Frequency of screening

A recent randomised controlled trial to evaluate the optimum screening interval compared annual mammography with three-yearly mammography over a period of seven years. Over 76,000 women were involved and the results showed that shortening the screening interval from the current three years did not produce a statistically significant decrease in the predicted mortality from breast cancer. 1 Therefore the screening interval in the Breast Screening Programme will remain at three years.
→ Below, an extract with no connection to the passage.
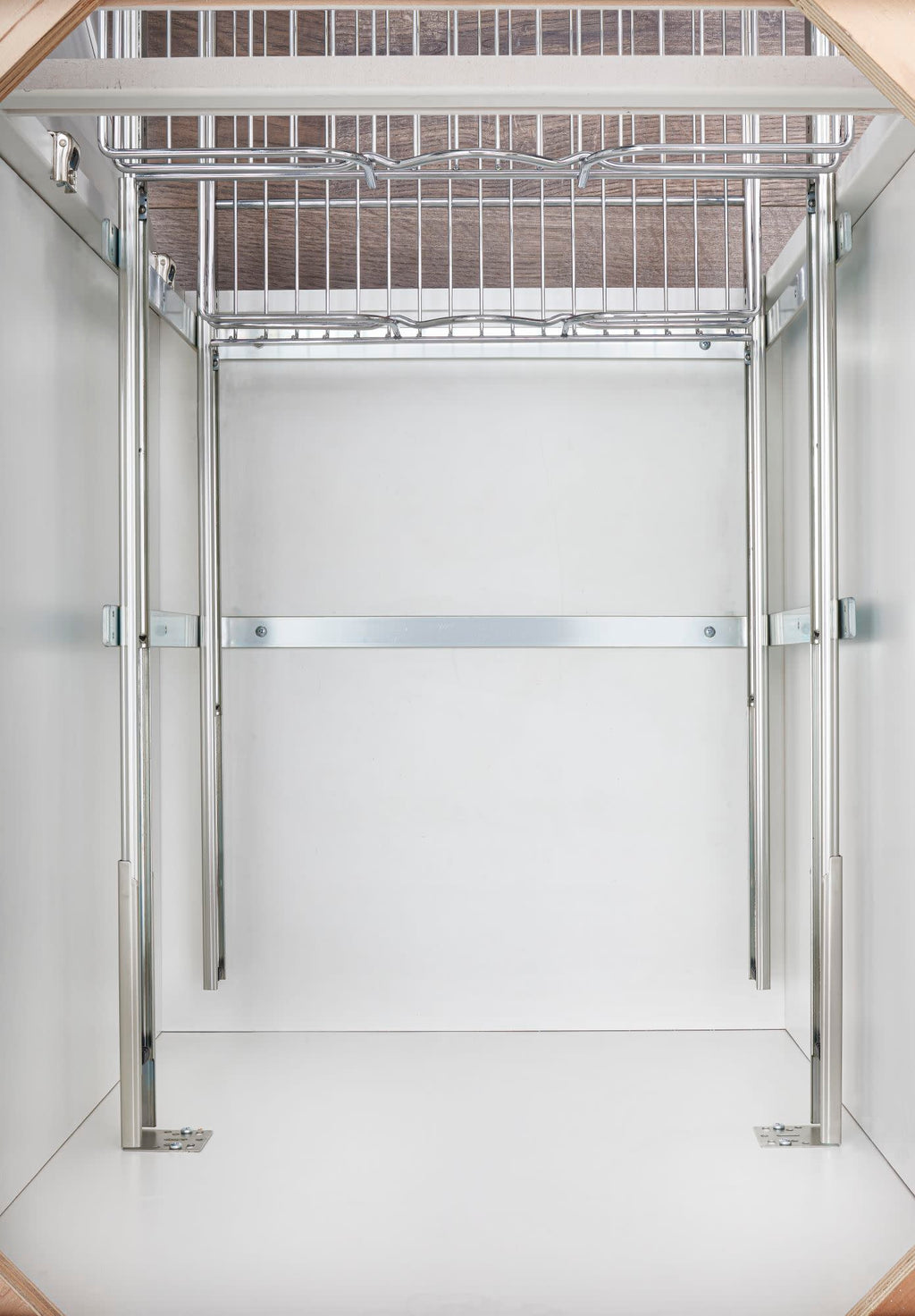 - Mounts to cabinet floor, rear and faceframe of cabinet

Numbers of views taken at incident (repeat) screens

Originally the breast screening programme took one view of each breast at every appointment. Two view mammography was introduced for prevalent (first) screens following a randomised controlled trial that showed a 24% increase in cancer detection rates as a result of two view mammography at the first appointment. 3

Recent epidemiological evidence supports this result and has shown an increase of 45% in detection of small invasive cancers when double view mammography is used at prevalent screens, and a 42% increase at incident (subsequent) screens. 4 The programme has been extended so that two view mammography is now used at every screen.

Informed choice

As with the Cervical Screening Programme, the Breast Screening Programme has designed a patient information leaflet to facilitate informed choice. The leaflet outlines what breast screening can and cannot achieve, including an explanation about false positive and false negative results. 5

Copies of this leaflet can be obtained from the NHS Responseline on 08701 555 455, or email doh@prolog.uk.com

Breast screening for women under 50 with a family history of breast cancer

A large study is underway investigating the effectiveness of mammography in women who have a strong family history of breast cancer.
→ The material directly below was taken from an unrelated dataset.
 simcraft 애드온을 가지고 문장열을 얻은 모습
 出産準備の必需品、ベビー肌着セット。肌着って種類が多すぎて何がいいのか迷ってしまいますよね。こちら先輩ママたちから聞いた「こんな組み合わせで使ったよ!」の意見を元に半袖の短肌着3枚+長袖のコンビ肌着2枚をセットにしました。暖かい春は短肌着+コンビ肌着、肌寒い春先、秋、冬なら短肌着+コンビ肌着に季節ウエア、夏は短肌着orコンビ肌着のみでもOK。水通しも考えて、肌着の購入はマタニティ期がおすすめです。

Ten thousand women aged 40-44 with a significant family history are being recruited and offered annual two-view mammography for five years. The incidence by size, node status and histological grade will be compared with a contemporaneous comparison group and a historical comparison group. 6

Breast screening in the UK - a brief history

Breast cancer is the most commonly diagnosed cancer in UK women, with over 44,000 new cases diagnosed in 2003. 1-4

Breast cancer accounts for 17% of female mortality from cancer in the UK, with 12,500 deaths each year. 5-7 There has been a dramatic reduction in breast cancer mortality since the late 1980s when over 15,000 women were dying each year 8 (see Breast Cancer section).

This page is based on the CancerStats Report - Breast Screening - UK, published in 2003.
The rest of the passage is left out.